*** Information ***

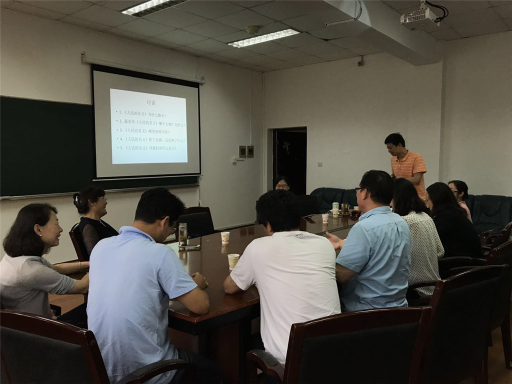 会议首先由支部宣传委员温煦老师做主题发言。温老师围绕前段时间热播电视剧《人民的名义》,在简短回顾、介绍剧作故事梗概及其引发的社会舆论等后,展开了关于反腐问题的讨论。与会党员教师也从个人的观后感受出发,围绕“这部剧为什么火”、以及“这部剧对我们有什么启示”等问题,开展了热烈讨论。老师们肯定了用群众易于接受的影视作品等形式对贪腐问题进行呈现及抨击的方式,也感受到了国家现阶段对于打击反腐、正风肃纪的决心,并表达了对制度创新、机制建立等反腐成效的期待和对国家改革发展的信心。
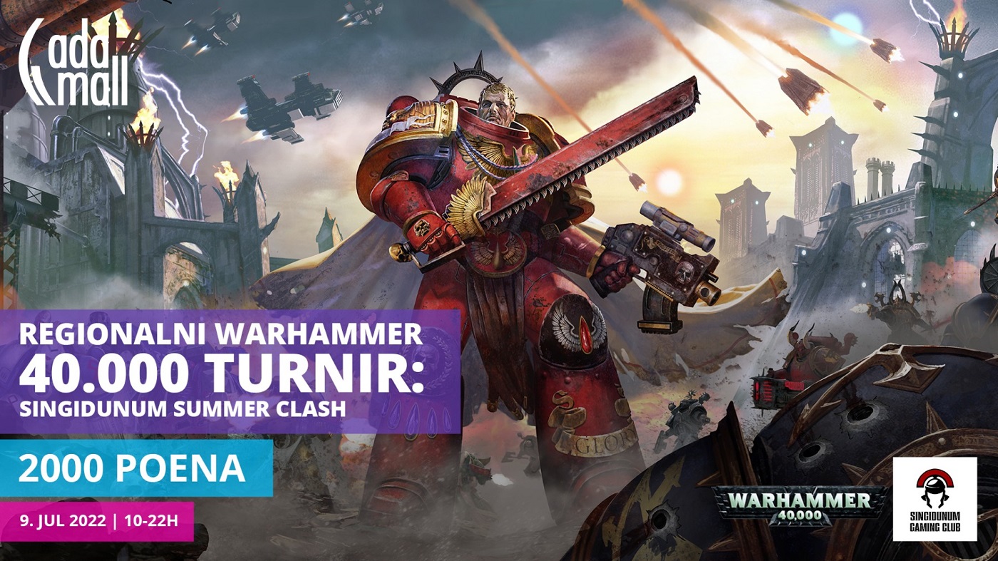 Regionalni Warhammer 40.000 turnir u Srbiji – najpopularnija stono-strateška ratna igra sa minijaturama na svetu, posebno popularna u Velikoj Britaniji i Sjedinjenim Američkim Državama, u subotu 9. jula od 10h do 22h održava se na trećem spratu Ada Mall Shopping Centra.
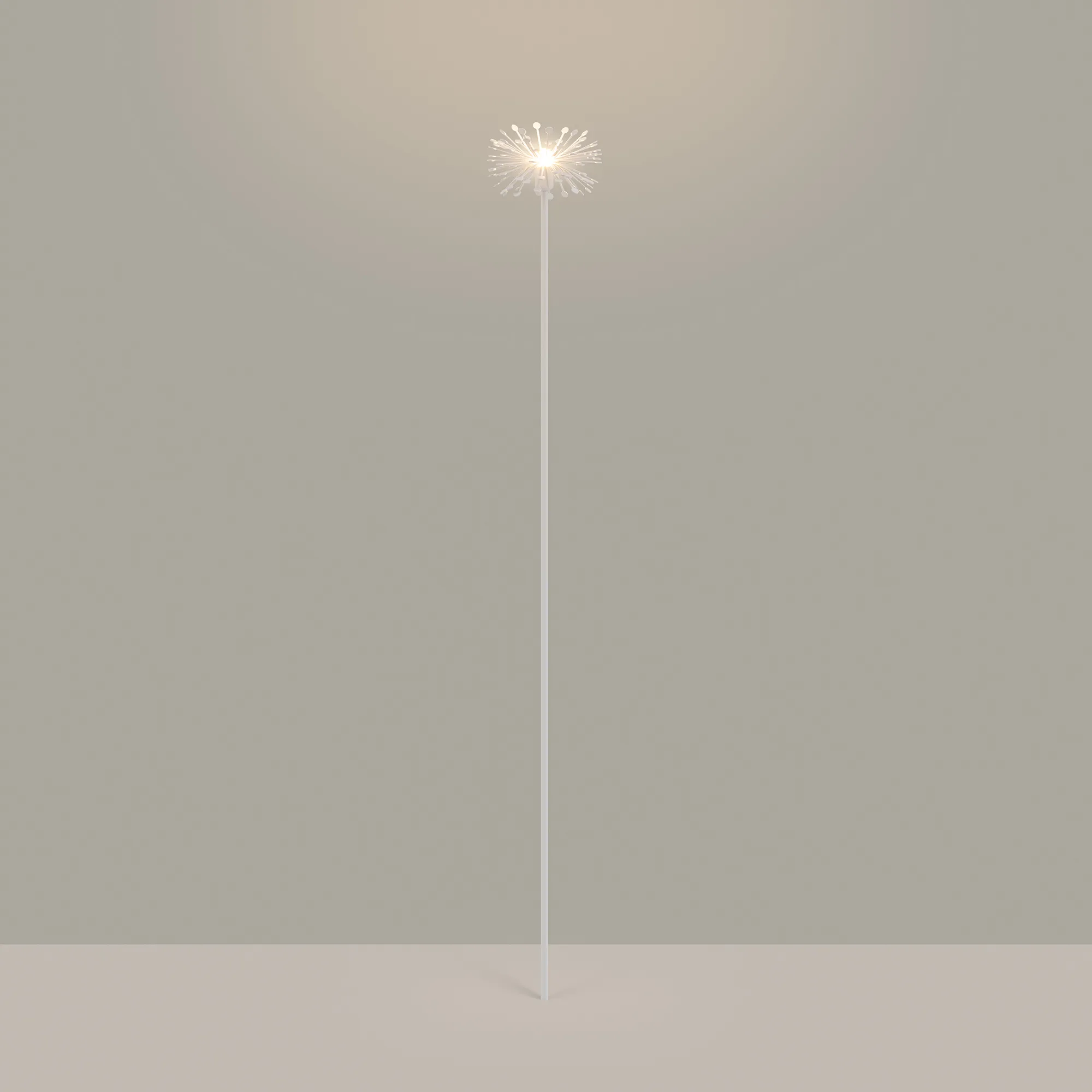 Уличный декоративный светодиодный светильник. Мощность 0.5 Вт, св. поток 13 лм, 92 лм/Вт, теплый 3000 K, CRI>80, угол излучения 24°, напряжение питания 24 В. Белый корпус из алюминия, прозрачный матовый рассеиватель из PMMA. Степень защиты IP65. Размер: диаметр 105 мм, высота 705 мм, высота углубления 155 мм. Монтаж в грунт с помощью основания пика (входит в комплект поставки). Драйвер приобретается отдельно.
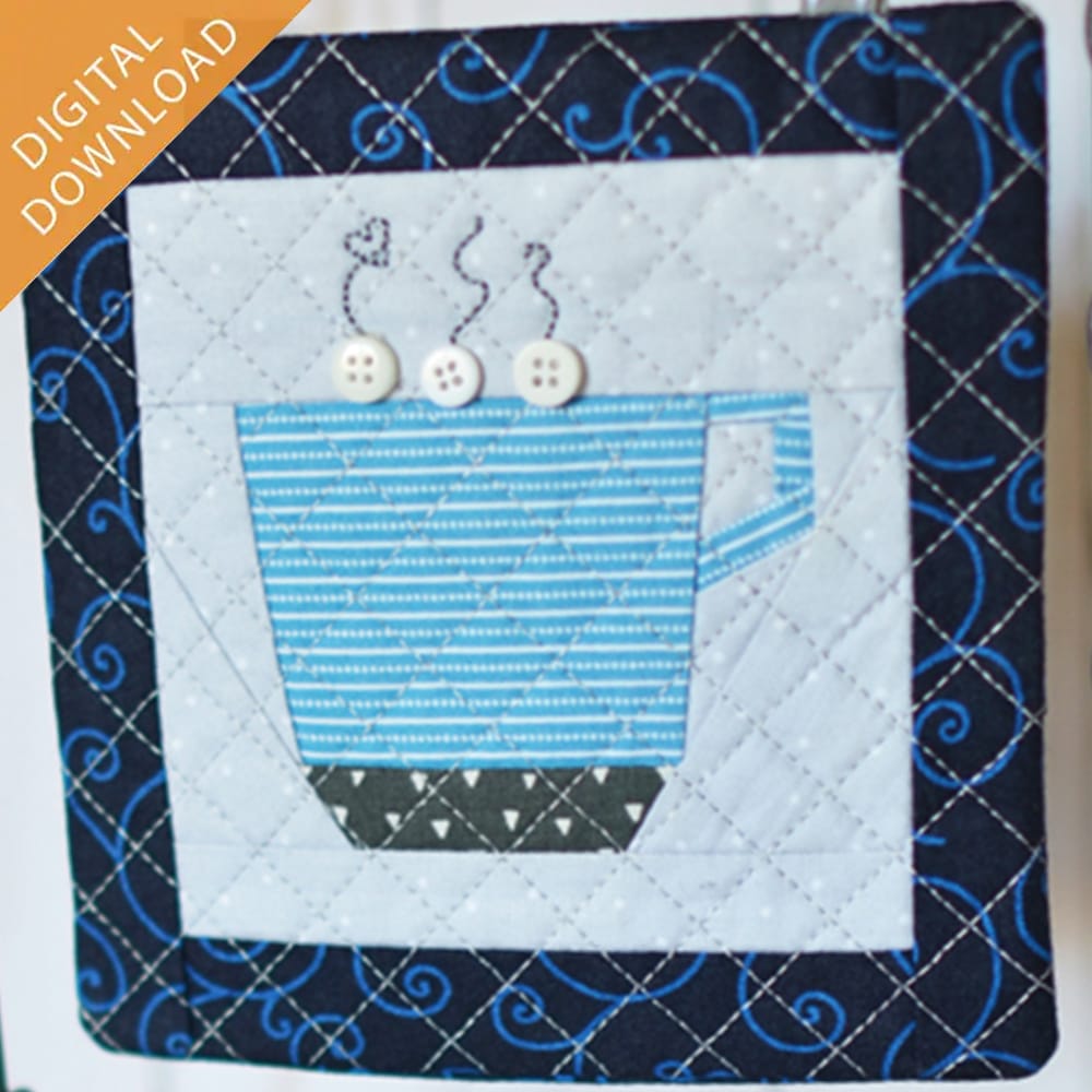 Our Machine Embroider by Number: Mug is pieced entirely in-the-hoop of your embroidery machine. Simply stitch the template on Kimberbell Project Batting and add applique pieces as directed! Available in five graduating sizes, our cozy Mug features optional ribbon loops and dimensional “marshmallow” buttons.
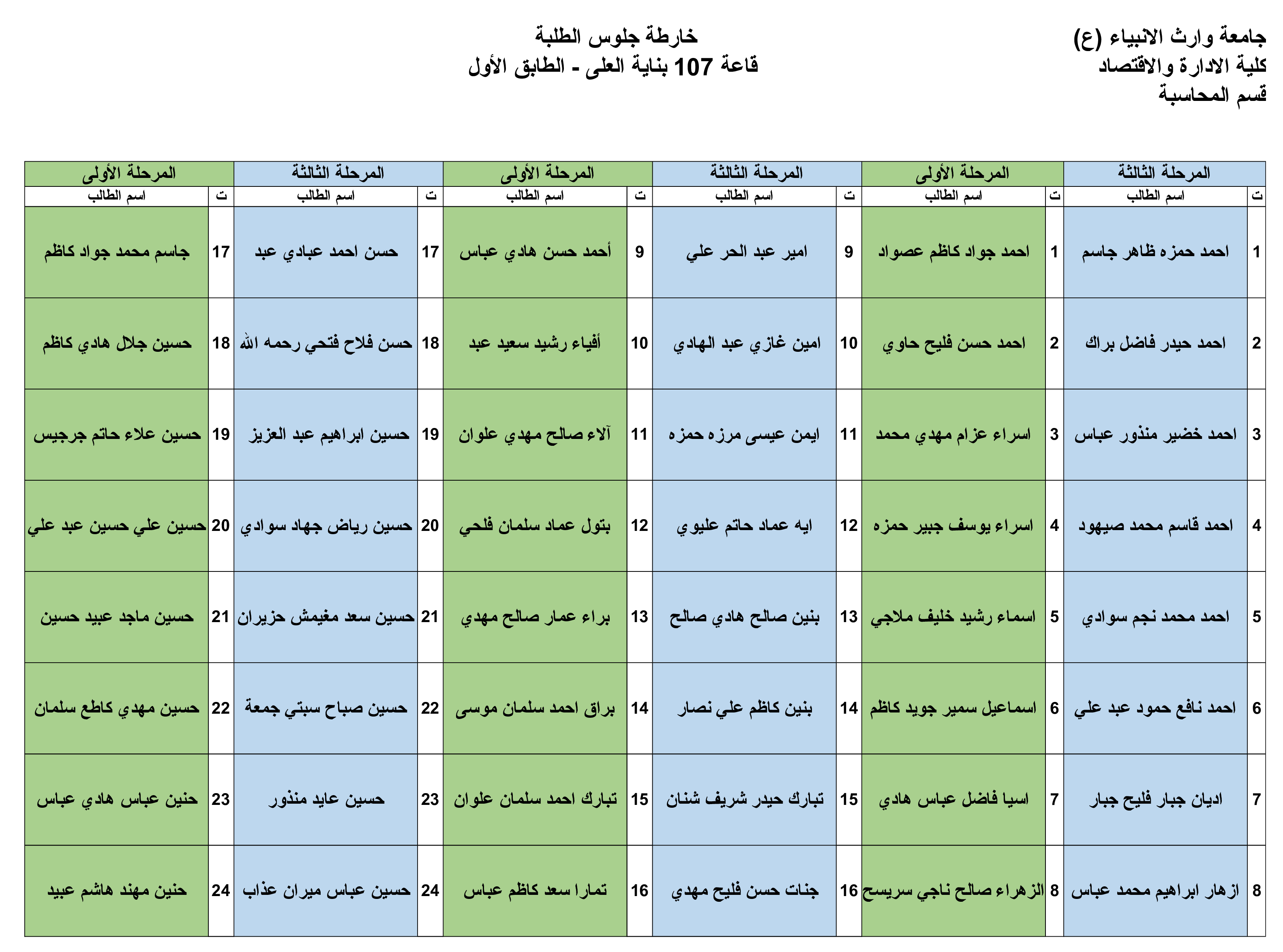 نرفق لكم خارطة الجلوس في القاعات الامتحانية لقسم المحاسبة للمرحلة الأولى والثالثة وكما موضحة في أدناه
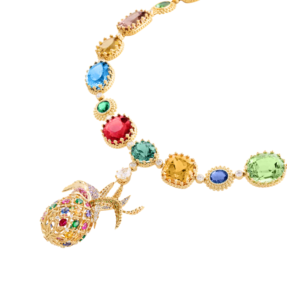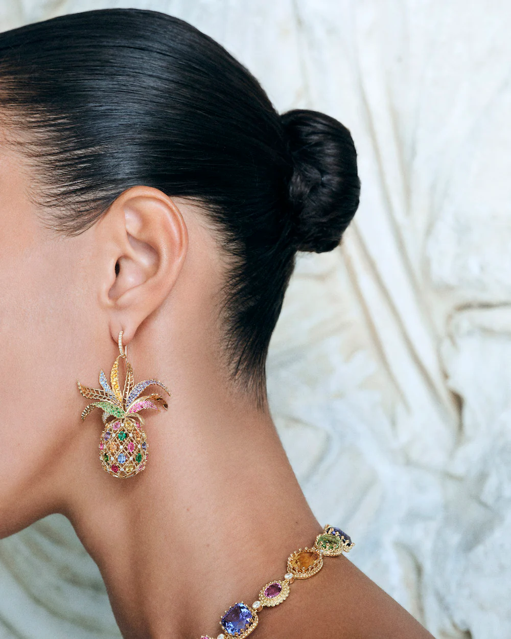 Вдохновленная утонченным вкусом и беззаботной жизнерадостностью королевы, Лора-Изабель Меллерио, художественный руководитель Mellerio, стремилась воплотить в ювелирных изделиях образ роскошного сада, вытканный на гобелене «Большой ананас», некогда украшавшем личные покои Марии-Антуанетты в Версале. Для королевы, которая однажды сказала: «Нет ничего слишком прекрасного», ананас, центральный мотив гобелена, запечатленный на картине Жана-Батиста Удри, символизировал королевскую власть, как король фруктов.
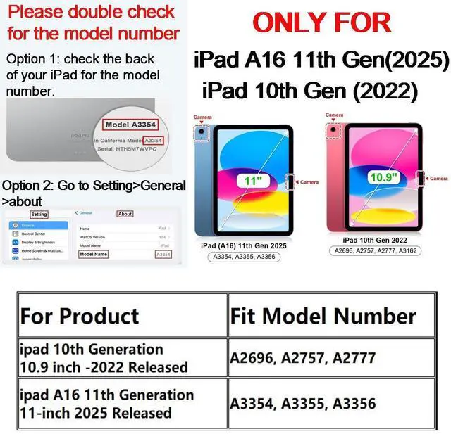 • Specially designed for 10.9 inch 2022 iPad 10th Generation, for iPad 11th Generation (A16 11 inch 2025) - including the following Models: A2696, A2757, A2777, A3354, A3355, A3356
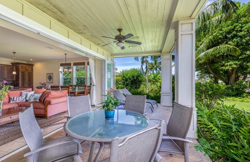 Luxurious and spacious (1600+ sqft) 3 bedroom 3 full bathroom villa with central A/C (rare in Poipu), fully-stocked gourmet kitchen and folding glass doors that open to a private lanai with lush views of the Po'ipu Greenbelt. Walk to world-famous beaches, dining and the Grand Hyatt, or relax poolside at our private resort-style pool that is only available to guests of the complex. Perfectly outfitted for families and friends to experience the best of Kauai.
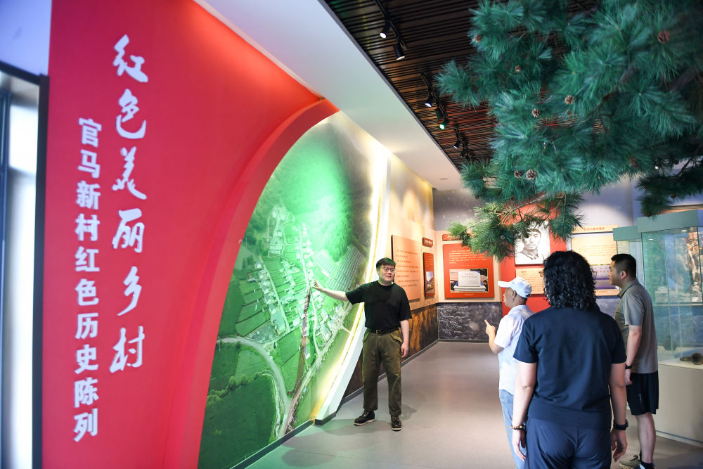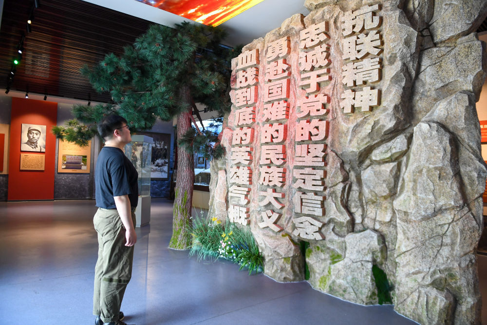 ↑ 8月11日,在磐石市官馬新村紅色歷史陳列館,馬鋮明(左一)為游客介紹抗聯歷史。

***

** Exercise description **
Each line from the first line of the data above through the one containing "Regionalni Warhammer 40.000" must be set down exactly; the pictures must not be.

** Finished exercise **
 会议首先由支部宣传委员温煦老师做主题发言。温老师围绕前段时间热播电视剧《人民的名义》,在简短回顾、介绍剧作故事梗概及其引发的社会舆论等后,展开了关于反腐问题的讨论。与会党员教师也从个人的观后感受出发,围绕“这部剧为什么火”、以及“这部剧对我们有什么启示”等问题,开展了热烈讨论。老师们肯定了用群众易于接受的影视作品等形式对贪腐问题进行呈现及抨击的方式,也感受到了国家现阶段对于打击反腐、正风肃纪的决心,并表达了对制度创新、机制建立等反腐成效的期待和对国家改革发展的信心。
 Regionalni Warhammer 40.000 turnir u Srbiji – najpopularnija stono-strateška ratna igra sa minijaturama na svetu, posebno popularna u Velikoj Britaniji i Sjedinjenim Američkim Državama, u subotu 9. jula od 10h do 22h održava se na trećem spratu Ada Mall Shopping Centra.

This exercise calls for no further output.